The technique of ECUSA's attorneys has been to try to get California judges to read that highlighted phrase as though it said: "as a civil entity under California law" -- i.e., to buy into the sham that the rump diocese is still the same legal entity under California law that voted to amend its Constitution in December 2007 and thus withdraw from the Episcopal Church (USA).

But that is not what the Court wrote. In fact it was responding to one of our arguments on behalf of Bishop Schofield, namely, that the rump diocese lacked the right to claim it was a genuine diocese of ECUSA, because it had not properly noticed its organizing convention, and because General Convention had never formally admitted it into union.
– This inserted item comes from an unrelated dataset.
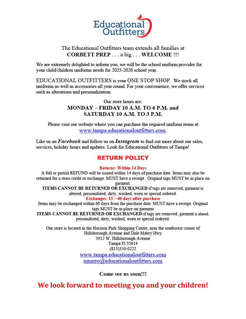 Faith Outreach Girls Uniform Requirements 2024-2025

Thus what the Court said was: "ECUSA may, as an ecclesiastical matter, decide to recognize whom it pleases as one of its dioceses, and that determination (of "ecclesiastical law", not the California civil law) was not open to question or attack in the civil courts."

And that is just how the Fresno Superior Court read the Schofield decision when it denied ECUSA's second motion for summary judgment last month.  Thus we now have the weight of a second California superior court judge behind the correct reading, which will not hurt Bishop Schofield one bit.

Finally, we should hear any day now from the Court of Appeal itself. Refusing to accept the decision of the Fresno trial court, ECUSA and its rump diocese filed a petition with the appellate court in which they asked it to say what it meant, and set the trial court straight. If, as usually happens in such interlocutory matters,  the appellate court declines to interfere, and allows the case to go to trial first,  then ECUSA will just have to wait until the eventual (and inevitable) appeal to see if it is reading the Schofield decision correctly or not.

Back in Visalia, we shall have to await the oral arguments tomorrow morning before Judge Reed to see whether or not she makes this tentative ruling her final one. I will report an update here when I have one.